Recipe: Gingerbread biscuits

Gingerbread biscuits, as baked by EJ
This is actually an updated version of my gingerbread biscuit recipe from last year, this biscuit is slightly sweeter, has more of a crunch and will hold it's shape and even an imprinted design perfectly. I used a Rycraft terracotta cookie stamp with a celtic knot pattern to emboss these biscuits before baking. Cookie stamps (or cookie molds) are a much bigger phenomenon in the US - and can be quite tricky to come by in the UK (particularly the more traditional designs). I bought mine from a seller on Etsy, but there seems to be a good selection available here for UK delivery.

These gingerbread biscuits are beautifully spiced with a good crunch, they are perfect dunkers - as they keep their shape well. Stored in a sealed container, these biscuits will stay fresh for 4-6 weeks.

This recipe makes approximately 45 biscuits

350g plain flour
100g butter
2tsp ground ginger
2tsp ground cinnamon
100g caster sugar
3 medium egg yolks
3tbs golden syrup

Directions:

Pre-heat the oven to 190C (fan), line and lightly oil three baking trays.

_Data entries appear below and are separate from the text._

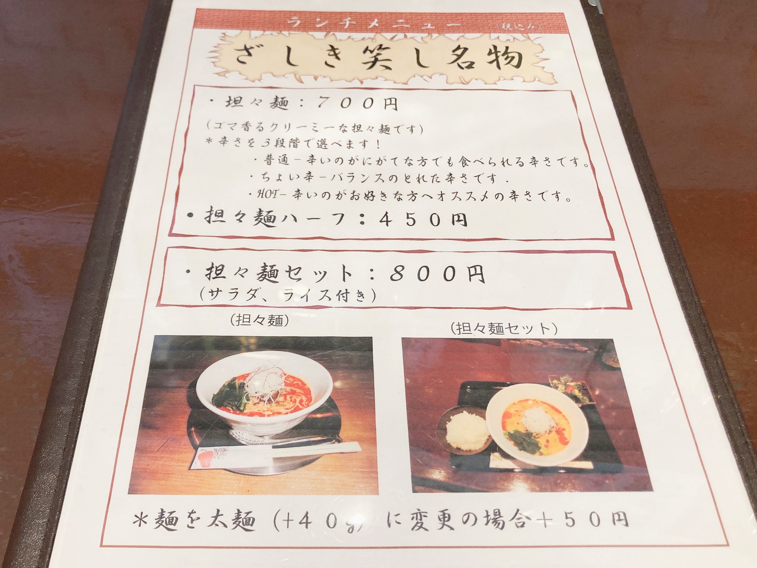 着席してランチメニューを見ると圧倒的な担々麺推し!
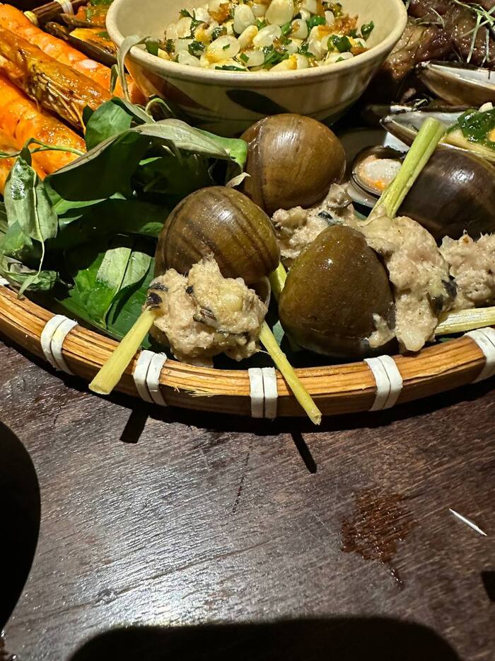 2) Улитки оказались не простыми, а смешенными со свининой. В целом вкусно. Сами улитки на вкус, как мидии или что-то типа того.
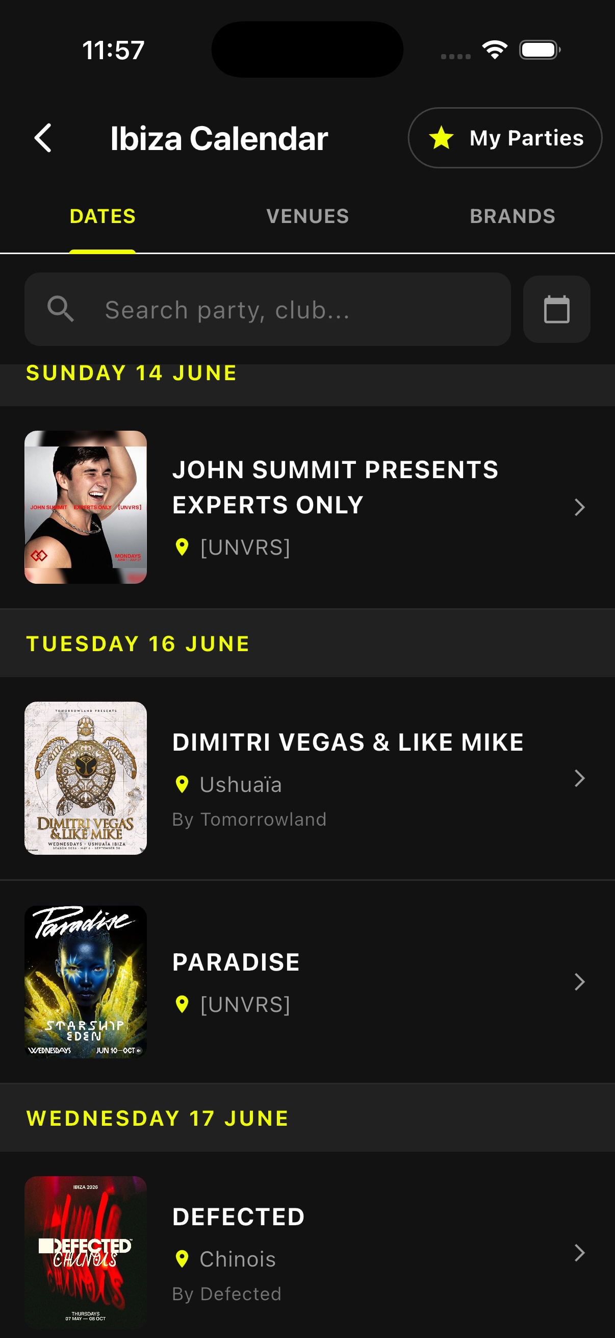 - Browse by date or by club and plan your nights (and days) in Ibiza.

Rub the butter into the flour, cinnamon and ginger to create a breadcrumb-like texture. Stir in the caster sugar, add the egg yolks and golden syrup and mix into a firm dough.

Lightly flour a clean work surface and roll the dough out to a thickness of approximately 4-5mm. Use a 5cm round cutter to cut out the biscuits and arrange them, evenly spaced, on the baking trays. 

Emboss each biscuit with the cookie stamp, then transfer the baking trays to the fridge to chill for 10-15 minutes.


Embossed cookies, ready to bake
Bake for 10-12 minutes, or until golden brown on top. Transfer to a wire rack to cool completely.